The Norse appear to have arrived in Cumbria in about 925 AD and left a huge impression upon the toponymy of Cumbria. Originally from Norway, it is generally accepted that they would have come here via their colonies in Iceland, Ireland and the Isle of Man, perhaps bringing with them a touch of Gaelic influence. Placenames with thwaite, which are commonplace in Cumbria, are also abundant in the southern counties of Hordaland, Rogaland, Agder and Telemark in Norway proper, and less in use elsewhere (Norwegian: tveit, tvedt).

It seems they would have arrived around the south west of the county and penetrated into the uplands of the central region where the Old Norse influence is dominant. Many mountains, rivers and valleys have Norse names, as attested by the abundance of the elements fell, -ay and dale (Mickledore, Scafell, Rothay, Duddon, Langsleddale, Allerdale). Many town and villages also contain Norse elements (Keswick, Whitehaven, Ravenglass, Silloth, Ulverston, Ambleside)

Common Old Norse elements
- á - 'river'
- bekkr - 'stream' → beck
- dalr - 'valley' → dale
- fors - 'waterfall' → force/foss
- fjall - 'mountain' (usually a large, flat mountain) → fell
- gil - 'ravine' → gill, ghyll
- haugr - 'hill' → howe
- holmr - 'island' → holme
- intaka - 'intake'
- pic - 'peak' → pike
- sætr - 'shieling' → side, seat
- tjorn - 'small lake' → tarn
- þveit - 'clearing' → thwaite
- tún - 'farm'

There are also a number of Danish influenced place names (Allonby, Thursby, Ousby, Milnthorpe), but the majority are situated along the Eden Valley and the north coast of the county, suggesting that they might have come across Stainmore around the 9th century AD.

Common Danish elements
- by - 'home' (may be Old Norse, but more often Danish)
- þorp - 'secondary settlement' → thorpe

===Goidelic Celtic and Irish influence===

Some names show evidence of Irish or Norse-Gaelic influence (Kirksanton, Ireleth, Ireby). Several Gaelic Saints are recalled in Cumbrian place names, including St. Bega, St. Brigid, and St. Sanctan.
The influence of the early Celtic Church in Northumbria and Cumbria was considerable.

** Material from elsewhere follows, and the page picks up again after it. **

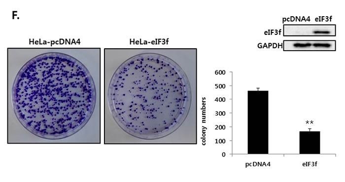 We further compared the ability of these cell lines to form colonies. Consistent with the cell growth data, eIF3f-transfected HeLa cells formed significantly fewer colonies than did vector-transfected cells. The expression of eIF3f was confirmed by Western blotting (Figure 3F). Therefore, eIF3f reduced cancer cell proliferation significantly.

===Anglo-Norman and Middle English===

At the time of the Norman conquest in 1066, it is likely that a mixture of Norse and Old English would have been spoken throughout most of Cumbria, which persisted until the spread of Middle English after the 12th century. The Domesday Book of 1086 lists only a few places in the south of the region, as at this time most of northern and central Cumbria was part of Scotland, but with several battles over the following centuries the whole area became part of England.

The influence of Anglo-Norman is usually confined to manorial names and residences and often include a personal name to distinguish between two places belonging to different lords (Egremont, Beaumont, Maulds Meaburn, Crosby Garret, Ponsonby, Grange).

Although it is often difficult to distinguish between a Middle English name and an earlier one, some places do seem to contain elements (Tod Ghyll, Brocklebank, Ladyholme, Cam Spout, Monk Coniston, Newlands, Sweden Bridge)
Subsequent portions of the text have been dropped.